We are adopting the methodology proposed by Jones et al. (2004) in this study. As this methodology is easier to understand, more widespread in nature and provides more informative insights for better investment decisions taking into consideration the risk more explicitly. Thus this will be supportive and give valuable inputs for international investment strategy that can be utilized by investment analysts, institutional and individual investors as well. The purpose of this study is to compare volatility among developed and emerging capital markets, secondly to point out the opportunities of higher returns during volatility, thirdly to determine the financial and volatility contagion among developed and emerging capital markets.

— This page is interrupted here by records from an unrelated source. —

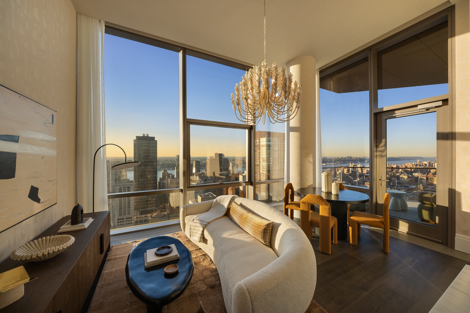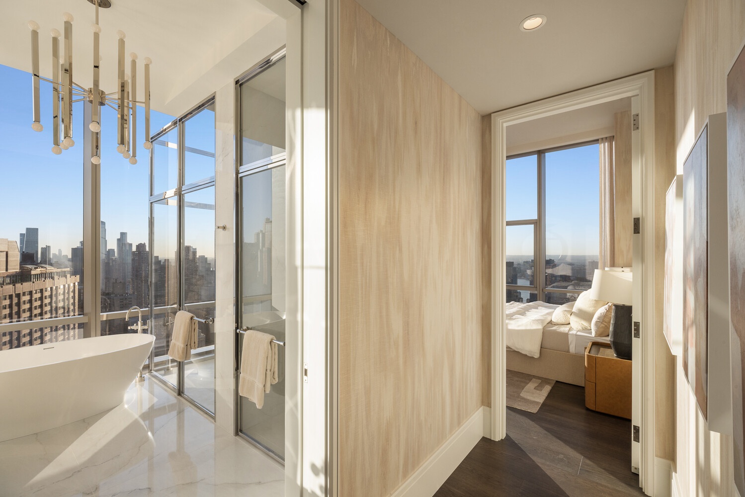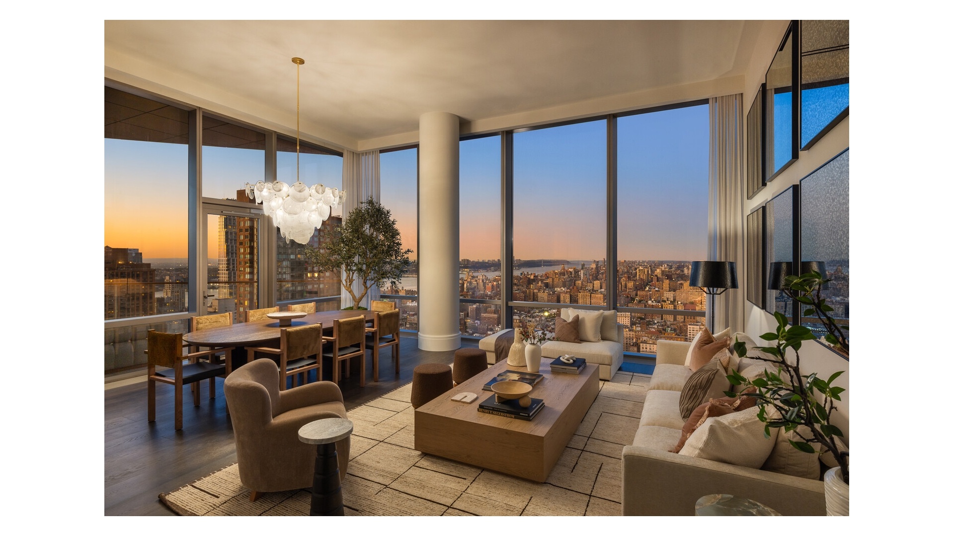 Tower residence 41W is a gracious 2,816 square-foot, 3-bedroom, 3.5-bathroom home with a spectacular private loggia overlooking The Hudson River and Central Park. Walls of glass and 13'6" soaring ceilings set the stage for unforgettable Park, River and Skyline views.
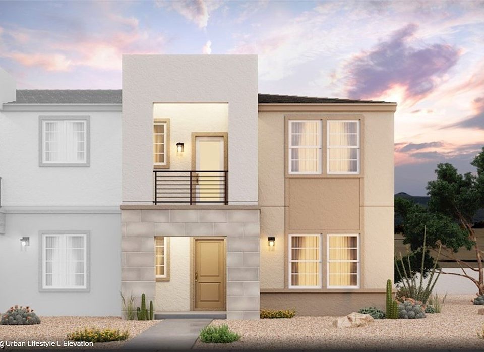 Available for move-in December. Zero down payment, if using VA. Brand new townhomes in the brand new Beazer Homes community of Opal Point. Just a quick drive to the fabulous Las Vegas strip, Allegiant stadium, the new Durango station and surrounded by world class retail shops and restaurants. This 3 bedroom home features primary bedroom downstairs, attached oversized 2 car garage, an open layout with premium Pebble (gray) cabinets and Frost Quartz countertops throughout. spacious pantry, tile floors, and stainless steel appliances. This home has an included covered porch and balcony. Photos and 3D tour are of the model home. HUGE December rate buydown incentives! Rates as low as 4.99%
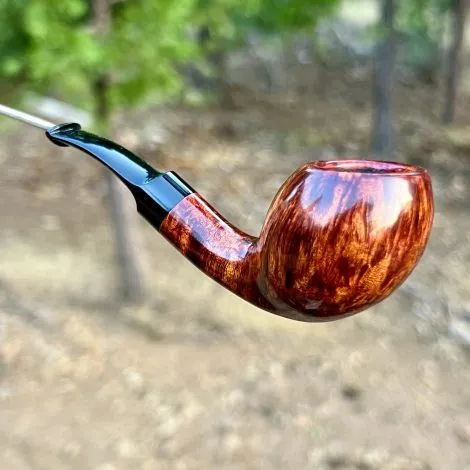 This light weight Danish egg is features beautiful grain and a stem handmade from German black ebonite. The stem fitted with a Delrin rod tenon for long life. This pipe will make a great edition to your pipe rotation.

This study will contribute to literature in two ways first by applying an alternative of traditional volatility measures and evaluation for looking into different types of markets from all over the world for providing useful information about international diversification strategy. Secondly analysis of emerging markets through this technique as to date; no emerging market has been studied by this methodology.

Application of this measure is not at large till now in literature, use of this approach on the data of USA by analyzing frequency of extreme days and in case of Sweden Ridder & Djehiche (2007) are found but not as high-flying as other various traditional measures are visible in literature. To our best knowledge, we cannot find application of this volatility measure in European markets other than Sweden and markets in Asia Pacific, Latin America so far in literature.

1

Standard deviation does not give explicit explanation about volatility as dispersion from mean are squared so direction of dispersion positive or negative is overlooked.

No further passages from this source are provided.